Я люблю проекты с душой, истории и персонажей, у которых есть сердце. Мне нравится во что-то верить. Мне нравится идея быть бунтарем, делать что-то на грани, но не слишком за гранью. Именно тогда я нахожу что-то очень важное и очень неординарное. Я дохожу до пределов любопытства.
Итак, иногда необходимо и нелюбопытство.
Когда появляется идея, которая идет вразрез привычному, но которая мне нравится, в конце концов я всегда говорю: «Я возьмусь!»
Не рассказывайте мне, почему это плохая идея, – я уже за нее взялся. Это и есть нелюбопытство.
Нелюбопытство – не только решимость взяться за интересную идею и продвигать ее, даже когда встречаешь скептицизм и неприятие. Это нечто более конкретное и важное.
Тот момент, когда в буквальном смысле выключаешь любопытство, не позволяя себе выяснять что-то дальше, когда, возможно, придется сказать кому-то: «Хорошо, но не стоит объяснять мне причины, по которым вы говорите «нет».

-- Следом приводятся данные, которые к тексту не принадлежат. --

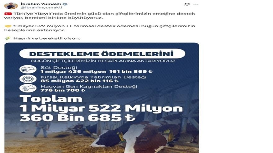 Tarım ve Orman Bakanı İbrahim Yumaklı, sosyal medya hesabından tarımsal destekleme ödemelerine ilişkin paylaşımda bulundu.

Вот что я имею в виду. Когда занимаешься поиском финансовой поддержки и команды для съемки фильма, для себя уже сформулировал обоснование, почему этот фильм стоит снимать. Уже сто раз обсуждалось, почему это интересно, чем хорош сценарий, почему те, кого предполагается привлечь к работе, хорошо подходят для данной истории.
Доказывать в Голливуде умеют все. Ведь так мы работаем изо дня в день. И любой успешный режиссер или продюсер в этом большой мастер.
Вы, наверное, думаете, что, когда мне кто-то говорит «нет», я сразу интересуюсь, почему мне так ответили. Может, не понравилась какая-то мелочь, которую я могу быстро исправить.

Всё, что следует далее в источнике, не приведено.